Confession time: I’ve been acting like a big baby.
You probably already know that though, you’ve been reading my blogs.
If I pray every morning for God to direct my day, and then get freaked out and stressed because I have a fussy baby to hold and can't get my dishes done, am I really trusting in Him? The answer is a very sheepish, "No...".
God knew that my baby was going to be a clingy little guy. He knew that Jo would have a hard time sleeping on his own. He provided me help in my husband and older children so I would not get completely overwhelmed, but He also knew that my baby would want me most of the time. Was God plotting evil against me? Was His plan to torture me by not allowing me to do the things I want to do?

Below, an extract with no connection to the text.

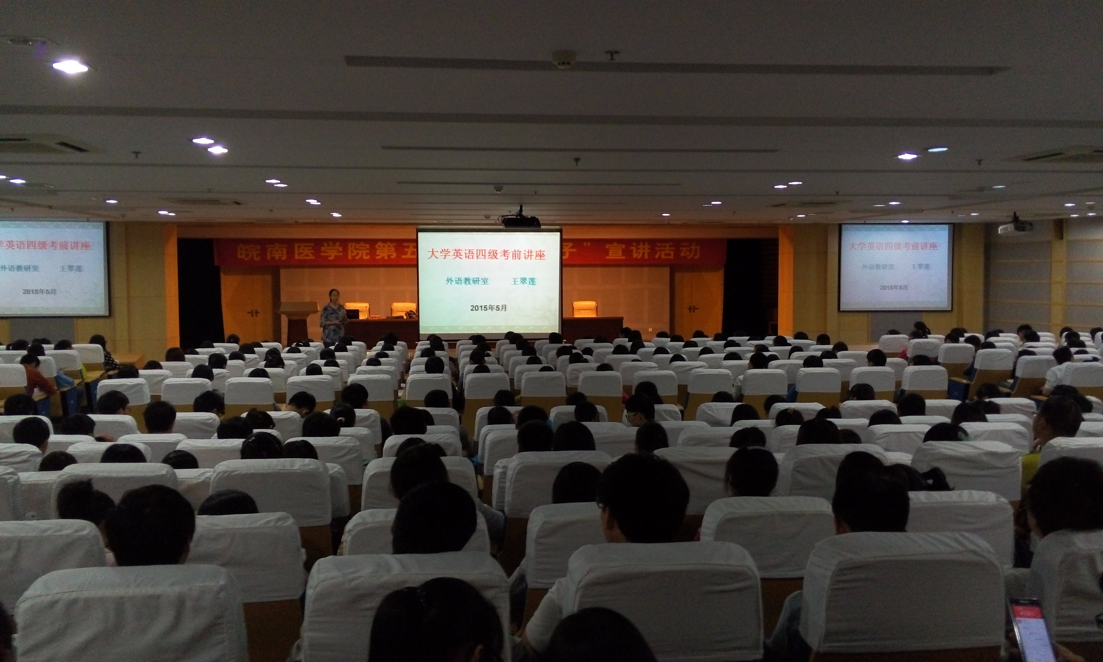本次大学英语四级讲座是公司“医路导航”系列讲座的又一重要模块,也是公司加强学风建设的重要举措。王翠莲老师对四级考试题型、评分标准的分析,对四级考试和英语学习策略的传授,不仅给备考的同学们指明了方向,增强了他们学好英语的信心,更为公司营造了浓厚的英语学习氛围,激发了临床学子们学习英语的兴趣和热情。

Ridiculous questions, right?
God sees the big picture, mama. I know He has a plan for the hard things that we go through. His heart is for you, not against you. So I'm going to challenge you, dear mama, and myself, to look for the blessings in our circumstances that might be a part of the big picture.
I can find one in mine right now: I have experienced reduced pain since Jo was born. Part of that is probably because he stretched my hernia area out (possibly releasing one of the trapped nerves that was causing pain) and the other part is probably because I've been spending so much time sitting and laying with him.
So look for the silver linings, mamas. God can bring good out of anything, He is that good.